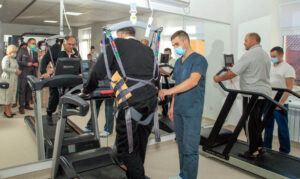 Після гострого періоду пацієнта переводять у відділення нейрореабілітації, основна мета якого – зменшити травму мозку та максимально сприяти одужанню пацієнта. Раніше, фактично з 2017 року, в лікарні функціонував лише нейрореабілітаційний блок, днями він переріс у велике просторе приміщення. У відділенні облаштовані комфортні палати з безбар’єрним простором, є побутова техніка, затишна, майже домашня атмосфера. Тут не лише стіни лікують, як зауважив один пацієнт, але й … двері, бо відчиняються вони одним помахом руки, а ще й чинять естетичний ефект – скляна панель виграє всіма барвами художнього полотна відомого турецького художника Хікмента Цетінкая. Ноу-хау відділення – зала фізичної терапії та кабінет ерготерапії, що обладнані найсучаснішою дороговартісною апаратурою. Зокрема, це модуль активної реабілітації (стелевий підйомник), який призначений для того, аби відновити рухові функції та навички активної ходьби, столи Бобата, мотомеди, вертикалізатори, блокова рамка. Особливу увагу варто привернути до бігових доріжок, що мають швидкість від 0,2 км/год, у той час, як всі звичайні бігові доріжки – 1 км/год. Одну з бігових доріжок придбали за кошти нашого університету для кафедри реабілітації, як і пристрій для відновлення когнітивних навичок, а саме комп’ютеризовану реабілітаційну рукавичку з опорами на праву та ліву верхні кінцівки. Цю апаратуру розмістили в кабінеті ерготерапії. Здається, що це не кабінет, а звичайна кухня, втім, її облаштували певними механізмами, щоб полегшити роботу пацієнтові. Крім хворих, у кабінеті ерготерапії можна зустріти й наших студентів – майбутніх фізичних терапевтів та ерготерапевтів, які відпрацьовують тут практичні навички.
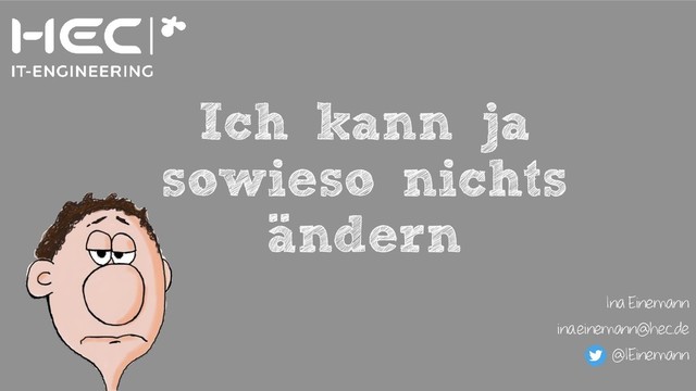 In diesem Vortrag zeige ich einige Wege auf, wie Kollegen und Vorgesetzte überzeugt werden können, neue Prozessrahmen, Methoden und Praktiken auszuprobieren und dann auch zu leben.
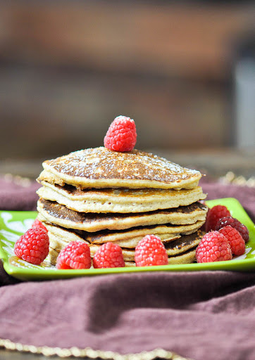 Heat a large non-stick skillet and spray with non-stick cooking spray, or use a non stick pan. For each pancake pour ¼ cup of the batter, I made 3 pancakes at a time in my large skillet. Flip when they start to bubble and cook until golden brown.
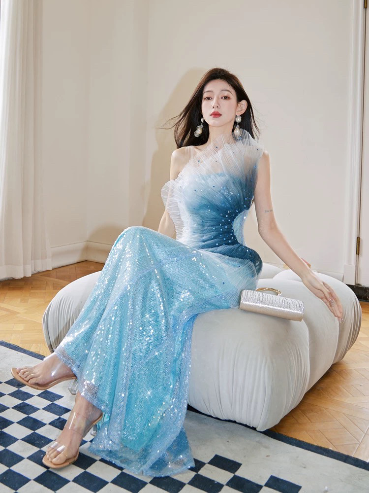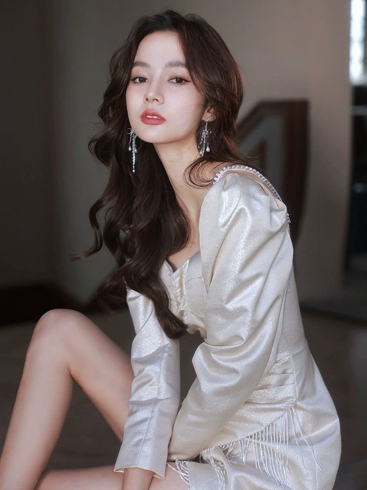 一字肩晚礼服裙女宴会订婚轻奢小众高端主持高定亮片香槟金色流苏
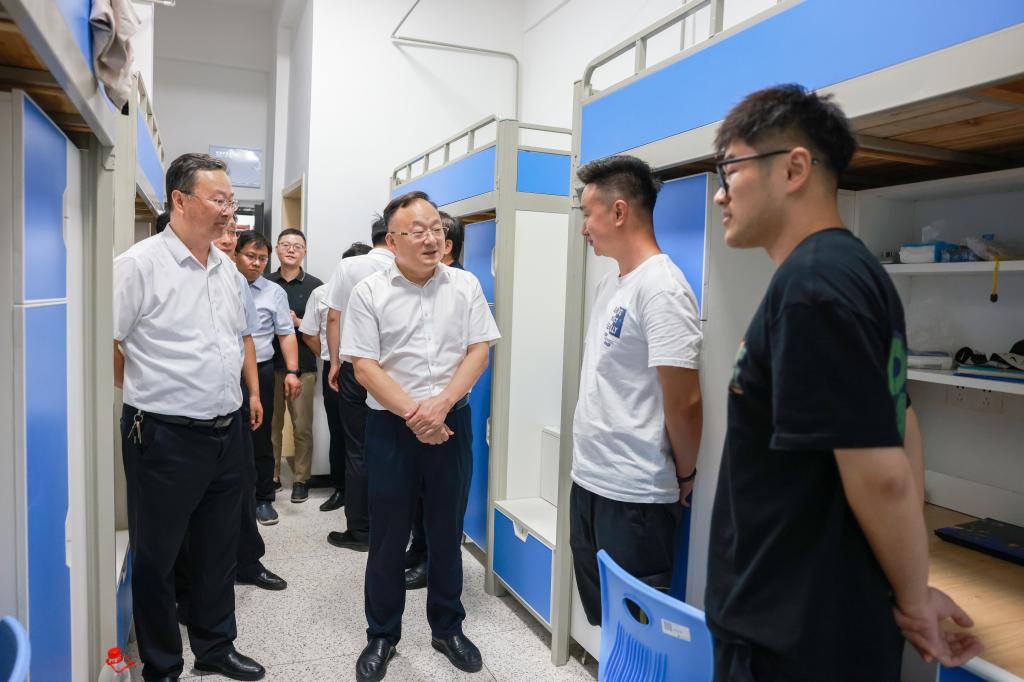 杨树兵一行深入走访了新生入学报到现场和学生心理中心,并对苍梧校区学生宿舍、食堂等重点场所进行了实地考察,详细了解学校开学工作、校园安全管理、教育教学开展情况,全面检查了学生开学报到的各项工作保障情况。调研过程中,他仔细察看了宿舍生活设施,食堂菜品种类和价格,详细询问了宿舍管理、水电供应安全等问题,并与在场学生进行了亲切交谈,询问他们的生活和学习情况,希望他们合理安排好学习和生活,做好学习规划,以积极的态度、崭新的面貌投入到新学期的学习与生活中来。
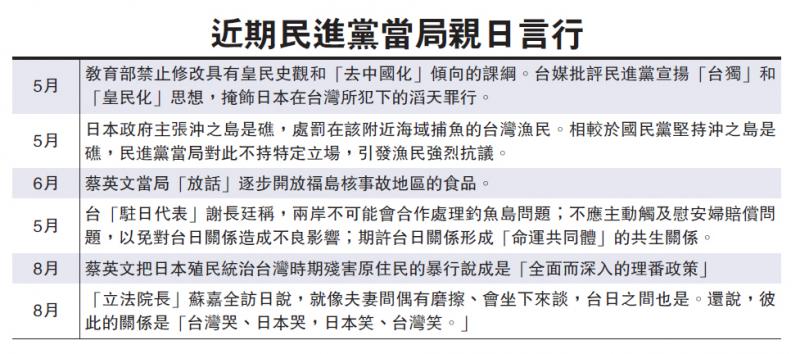 近期民進黨當局親日言行
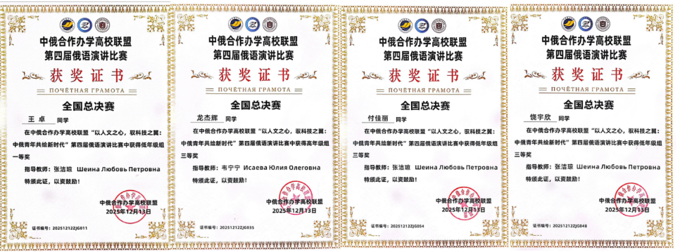 此次会议分为俄语演讲比赛、开幕式、交流研讨会、颁奖及闭幕式五个环节。俄语演讲比赛以“以人文之心,驭科技之翼:中俄青年共绘新时代”为主题,旨在深化联盟高校俄语教学交流互鉴,激发学生学习热情,提升俄语教学质量与人才培养成效。今年会官网参赛学生表现优异,4名学子共获得一等奖1项、三等奖3项。颁奖仪式上,李强为高年级组一等奖获得者颁奖,今年会官网党委副书记常青林为低年级组一等奖获得者颁奖。
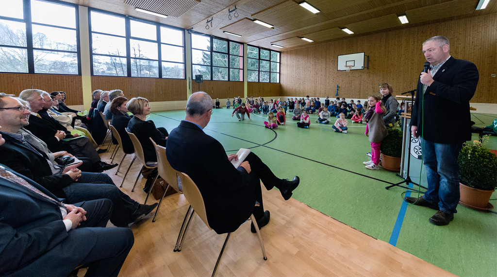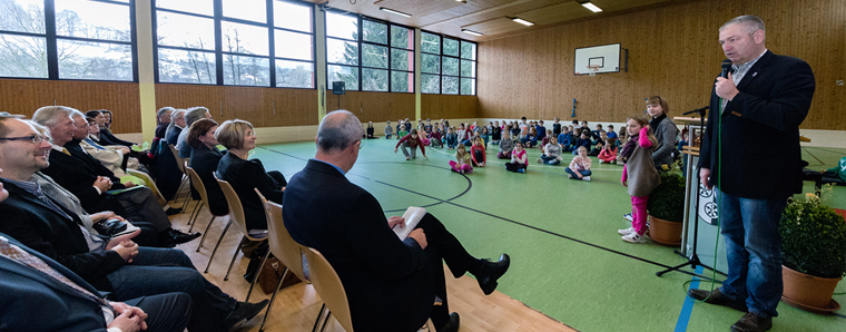Die großzügige Zuwendung des Landkreises Fulda sei wohl überlegt, so Landrat Bernd Woide in seinem Grußwort: Verantwortung für den ländlichen Raum zu übernehmen, zahle sich aus, in Poppenhausen sei der Sport Bindeglied und trage zur Erhöhung der Lebensqualität bei. Die Schule sei ein Ort, an dem sich Kinder vielfältig betätigen und entfalten könnten. Wer in der Kindheit Sport treibe, profitiere davon sein Leben lang, erklärte Poppenhausens Bürgermeis-ter Manfred Helfrich. Er sei froh, dass man in Poppenhausen die Schule im Dorf gelassen habe. Stephan Schmitt, stellvertretender Leiter des Staatlichen Schulamts in Fulda, beglückwünschte zudem zum 60-jährigen Jubiläum der Grundschule: Am 15. August 1955 sei das Schulgebäude der damaligen Volksschule eingeweiht worden, 253 Kinder hätten in fünf Klassen unterrichtet werden müssen, heute seien es auch fünf Klassen, aber 93 Kinder.

### PROBLEM DESCRIPTION
Word for word, restate all of the data, but do not copy the pictures.

### ANSWER FOR THIS EXERCISE
 Після гострого періоду пацієнта переводять у відділення нейрореабілітації, основна мета якого – зменшити травму мозку та максимально сприяти одужанню пацієнта. Раніше, фактично з 2017 року, в лікарні функціонував лише нейрореабілітаційний блок, днями він переріс у велике просторе приміщення. У відділенні облаштовані комфортні палати з безбар’єрним простором, є побутова техніка, затишна, майже домашня атмосфера. Тут не лише стіни лікують, як зауважив один пацієнт, але й … двері, бо відчиняються вони одним помахом руки, а ще й чинять естетичний ефект – скляна панель виграє всіма барвами художнього полотна відомого турецького художника Хікмента Цетінкая. Ноу-хау відділення – зала фізичної терапії та кабінет ерготерапії, що обладнані найсучаснішою дороговартісною апаратурою. Зокрема, це модуль активної реабілітації (стелевий підйомник), який призначений для того, аби відновити рухові функції та навички активної ходьби, столи Бобата, мотомеди, вертикалізатори, блокова рамка. Особливу увагу варто привернути до бігових доріжок, що мають швидкість від 0,2 км/год, у той час, як всі звичайні бігові доріжки – 1 км/год. Одну з бігових доріжок придбали за кошти нашого університету для кафедри реабілітації, як і пристрій для відновлення когнітивних навичок, а саме комп’ютеризовану реабілітаційну рукавичку з опорами на праву та ліву верхні кінцівки. Цю апаратуру розмістили в кабінеті ерготерапії. Здається, що це не кабінет, а звичайна кухня, втім, її облаштували певними механізмами, щоб полегшити роботу пацієнтові. Крім хворих, у кабінеті ерготерапії можна зустріти й наших студентів – майбутніх фізичних терапевтів та ерготерапевтів, які відпрацьовують тут практичні навички.
 In diesem Vortrag zeige ich einige Wege auf, wie Kollegen und Vorgesetzte überzeugt werden können, neue Prozessrahmen, Methoden und Praktiken auszuprobieren und dann auch zu leben.
 Heat a large non-stick skillet and spray with non-stick cooking spray, or use a non stick pan. For each pancake pour ¼ cup of the batter, I made 3 pancakes at a time in my large skillet. Flip when they start to bubble and cook until golden brown.
 一字肩晚礼服裙女宴会订婚轻奢小众高端主持高定亮片香槟金色流苏
 杨树兵一行深入走访了新生入学报到现场和学生心理中心,并对苍梧校区学生宿舍、食堂等重点场所进行了实地考察,详细了解学校开学工作、校园安全管理、教育教学开展情况,全面检查了学生开学报到的各项工作保障情况。调研过程中,他仔细察看了宿舍生活设施,食堂菜品种类和价格,详细询问了宿舍管理、水电供应安全等问题,并与在场学生进行了亲切交谈,询问他们的生活和学习情况,希望他们合理安排好学习和生活,做好学习规划,以积极的态度、崭新的面貌投入到新学期的学习与生活中来。
 近期民進黨當局親日言行
 此次会议分为俄语演讲比赛、开幕式、交流研讨会、颁奖及闭幕式五个环节。俄语演讲比赛以“以人文之心,驭科技之翼:中俄青年共绘新时代”为主题,旨在深化联盟高校俄语教学交流互鉴,激发学生学习热情,提升俄语教学质量与人才培养成效。今年会官网参赛学生表现优异,4名学子共获得一等奖1项、三等奖3项。颁奖仪式上,李强为高年级组一等奖获得者颁奖,今年会官网党委副书记常青林为低年级组一等奖获得者颁奖。
Die großzügige Zuwendung des Landkreises Fulda sei wohl überlegt, so Landrat Bernd Woide in seinem Grußwort: Verantwortung für den ländlichen Raum zu übernehmen, zahle sich aus, in Poppenhausen sei der Sport Bindeglied und trage zur Erhöhung der Lebensqualität bei. Die Schule sei ein Ort, an dem sich Kinder vielfältig betätigen und entfalten könnten. Wer in der Kindheit Sport treibe, profitiere davon sein Leben lang, erklärte Poppenhausens Bürgermeis-ter Manfred Helfrich. Er sei froh, dass man in Poppenhausen die Schule im Dorf gelassen habe. Stephan Schmitt, stellvertretender Leiter des Staatlichen Schulamts in Fulda, beglückwünschte zudem zum 60-jährigen Jubiläum der Grundschule: Am 15. August 1955 sei das Schulgebäude der damaligen Volksschule eingeweiht worden, 253 Kinder hätten in fünf Klassen unterrichtet werden müssen, heute seien es auch fünf Klassen, aber 93 Kinder.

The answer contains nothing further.